Силой у них не отнимешь, не заставишь делать так, как тебе

выгодно: время канонерок безвозвратно миновало. Русские -

вот кто стоит поперек дороги. Но сразиться с ними – значит

решиться на самоубийство. Итак, придется туже затянуть

ремень. Это повлечет цепную реакцию: нехватка энергии

приведет к сокращению производства, вызовет массовую

безработицу, какой еще не знала история США. А это чревато

всенародным взрывом. В массах и сейчас зарождается

брожение: все больше людей начинает понимать, кто правит

Америкой. Пока это брожение глубинное. Оно зреет и бурлит в

недрах масс, и когда достигнет точки кипения, произойдет

вулканический взрыв, и раскаленная лава народного гнева

разольется по всей стране, сметая на своем пути

фешенебельные промышленные и банковские офисы,

загородные виллы и дворцы. Наступит хаос. И только армия,

только пули смогут остановить потоки разъяренных масс и

водворить незыблемый порядок свободы и демократии.

Эти два последних слова Оскар мысленно всегда

произносил с иронией, а вслух вообще избегал их произносить,

потому что слишком откровенно в них звучали фальшь и

лицемерие. Он-то знал их подлинную цену.

Оскар трезво оценивал происходящую сейчас в США

"молодежную революцию". Бунт молодежи его, как и его коллег

из правящего класса, не пугал: он знал, что власти полностью

контролируют это движение; опытные политиканы, используя

средства массовой информации, хорошо отлаженную

пропагандистскую машину, направляют бурный поток

молодежных эмоций в нужное им русло, добавив в этот поток

мути и грязи, составленной из секса и марихуаны.

Идеологические стратеги господствующего класса США

поставили во главе "молодежной революции" своих людей,

вроде Эбби Хофмана и Джерри Рубина, которые, бравируя

направо и налево словом "революция", одурманивали

незрелых юнцов и девчонок наркотиками и беспардонным,

откровенным сексом, для определения которого слова

"половая распущенность" звучат слишком благородно,

пожалуй, целомудренно. Был брошен "революционный" лозунг:

все дозволено, делай все, что хочешь, каждый человек имеет

право на любой поступок. В этом, мол, суть подлинной

свободы. Молодежь должна освободиться от гнета домашнего

очага и пойти "куда глаза глядят". И пошла, ведомая

новоявленными "пророками", вроде Джерри Рубина,

прозванного Моисеем похищенных детишек из предместий.

Мальчишки и девчонки бросали уют и комфорт домашнего

очага и оседали в трущобах Нью-Йорк-Сити, предаваясь

разврату.
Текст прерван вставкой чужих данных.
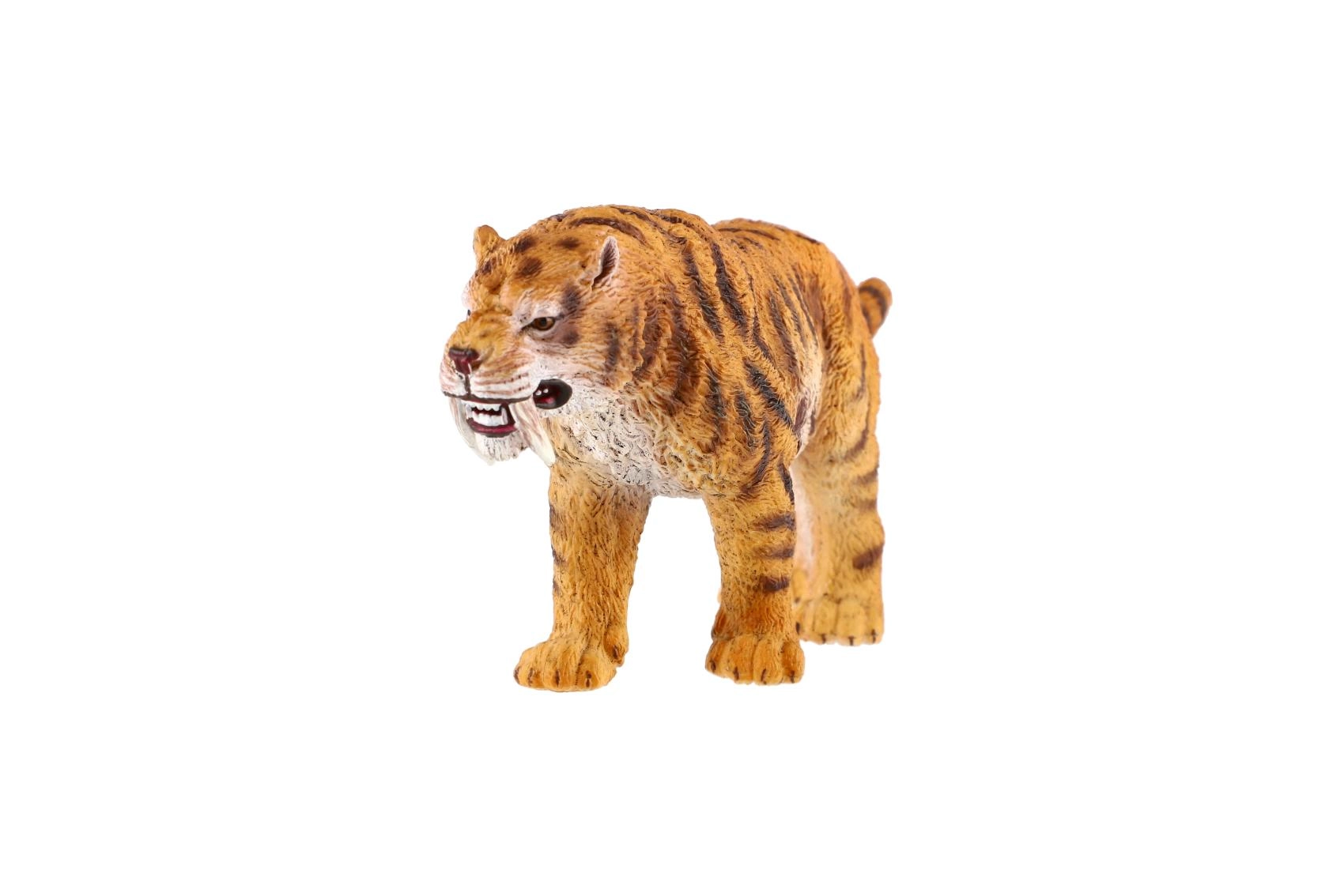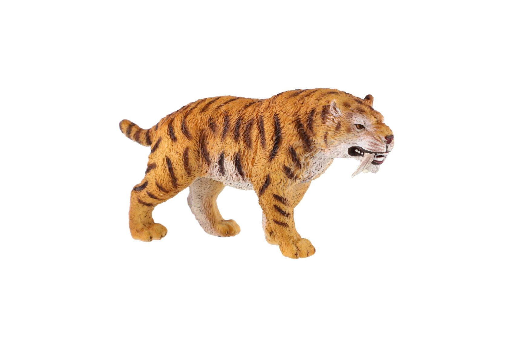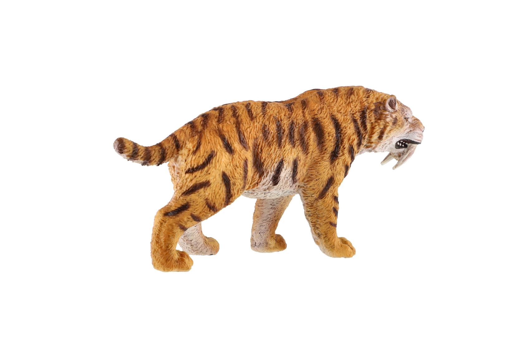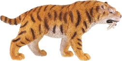 El pelaje texturizado, las rayas naturales y los colmillos prominentes aportan a la figura un aspecto auténtico de un depredador prehistórico.

Вожди "революционной" молодежи и теоретики

"революции", ее идейные лидеры, щедро финансировались

власть имущими. Появился мутный поток книг и статей, в

которых описывались сексуальные сцены из жизни подростков,

пелись гимны марихуане, одновременно критиковался

существующий строй с его ханжеством и буржуазной моралью,

с его запретами на свободу. Имелась в виду сексуальная

свобода. "Секс – проявление естественного инстинкта, и

подавление его неестественно и противозаконно, – вещали

идеологи взбунтовавшейся молодежи. – Непристоен не секс в

его откровенных проявлениях, а запрет на наслаждения,

которым предаются все, только скрыто, тайком".
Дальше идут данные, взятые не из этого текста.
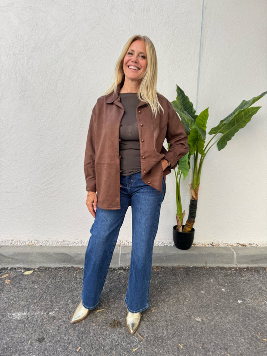 Sac cabas façon nubuck – Grand format avec pochette & bandoulière chocolat

Пропаганда секса достигла своего апогея в фильме

"Глубокое горло", о котором даже плотоядный Оскар не мог

вспоминать без омерзения. А между тем наемные критики

писали, что "этот фильм способствует расширению людских

сексуальных горизонтов".

Юные "революционеры", жаждущие общественно-

социальных преобразований, под руководством заранее

подкупленных "вождей" устраивали пожары, сжигая отбросы на

свалках, и радовались, когда об их "подвигах" трубила пресса и

телевизионные репортеры. Это была детская игра в

революцию, и на нее смотрели как на аттракцион. Она не

пугала не только умного, проницательного Раймона, но даже

бешеного генерала Переса. Однажды Оскару попался

"подпольный" журнал "Либерейшн". Редактор его, некто

Деллинджер, писал: "Наша цель – уничтожить власть, рассеять

ее, разобщить, демократизировать... В отличие от некоторых

"старых левых" мы не стремимся к захвату власти как к

конечной цели, с тем чтобы со временем даровать ее народу, а

до тех пор разумно распоряжаться ею. Наша цель

противоположна: мы стоим за разрушение власти".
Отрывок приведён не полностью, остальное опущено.